Data provided
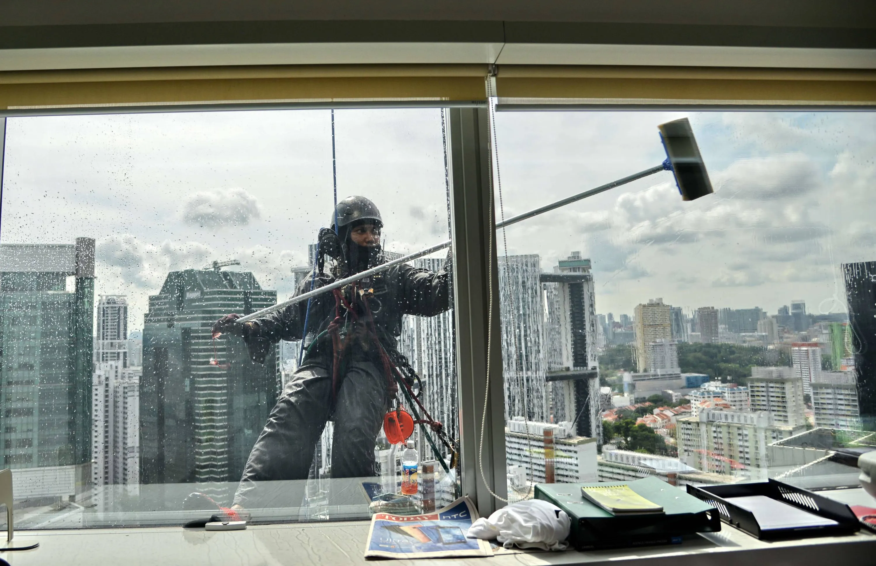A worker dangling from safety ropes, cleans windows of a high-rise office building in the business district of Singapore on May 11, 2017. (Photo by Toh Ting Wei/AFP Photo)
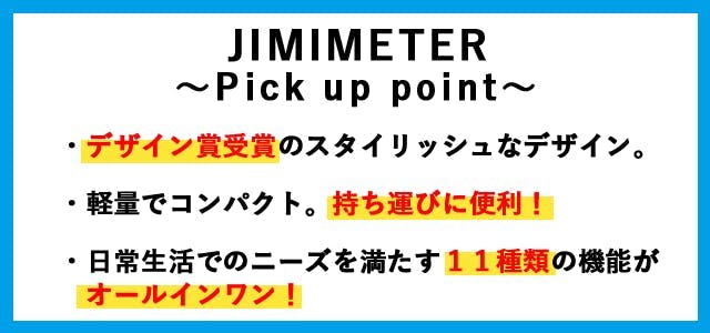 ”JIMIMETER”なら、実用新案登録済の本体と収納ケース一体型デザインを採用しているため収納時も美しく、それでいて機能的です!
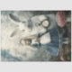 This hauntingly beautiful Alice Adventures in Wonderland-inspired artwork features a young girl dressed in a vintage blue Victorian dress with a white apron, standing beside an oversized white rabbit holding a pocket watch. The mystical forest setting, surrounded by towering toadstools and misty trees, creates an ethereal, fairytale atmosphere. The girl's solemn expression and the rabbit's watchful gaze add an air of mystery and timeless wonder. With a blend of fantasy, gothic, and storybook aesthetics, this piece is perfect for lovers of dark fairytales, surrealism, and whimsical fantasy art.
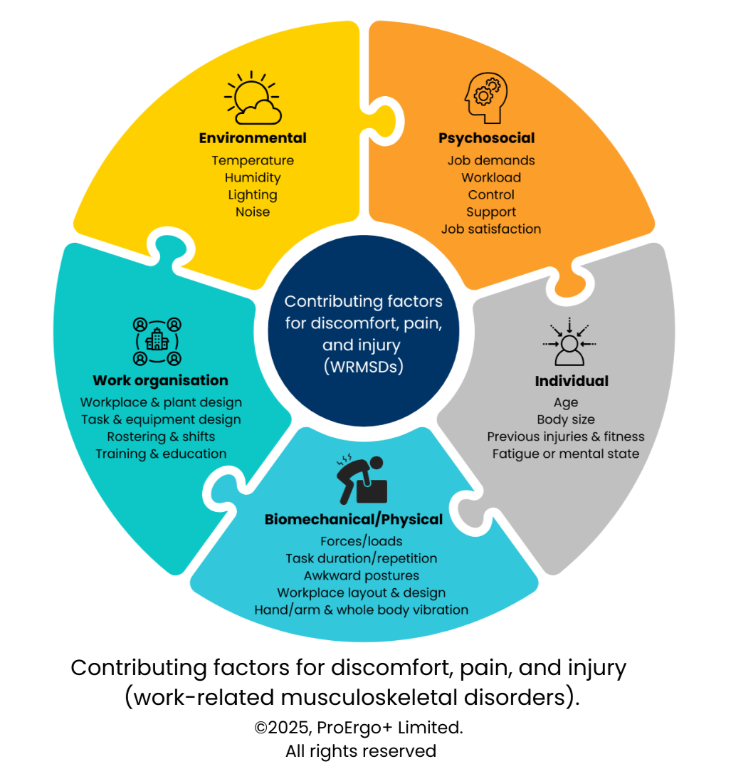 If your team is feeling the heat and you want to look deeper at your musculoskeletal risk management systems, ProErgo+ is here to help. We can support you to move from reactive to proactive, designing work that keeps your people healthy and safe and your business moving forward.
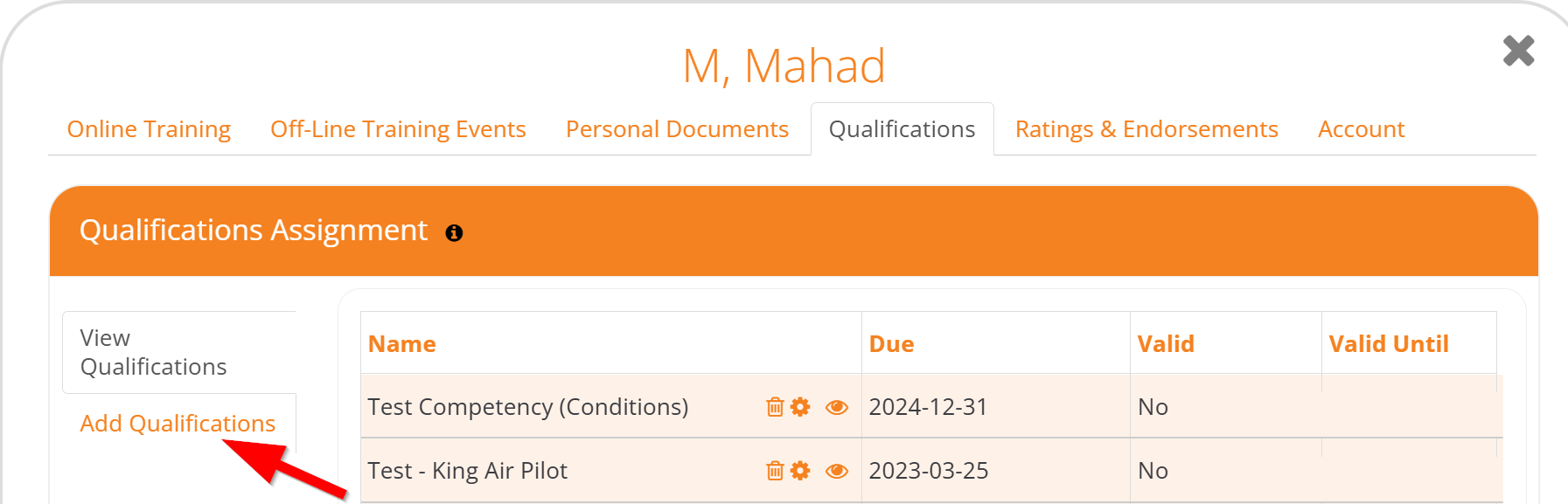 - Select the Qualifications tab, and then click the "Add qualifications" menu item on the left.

Goal of the exercise
Copy out, unchanged, the span of lines beginning with the one that includes "If your team" and running through the final line of the material above. Leave the pictures out.

Exercise result
 If your team is feeling the heat and you want to look deeper at your musculoskeletal risk management systems, ProErgo+ is here to help. We can support you to move from reactive to proactive, designing work that keeps your people healthy and safe and your business moving forward.
 - Select the Qualifications tab, and then click the "Add qualifications" menu item on the left.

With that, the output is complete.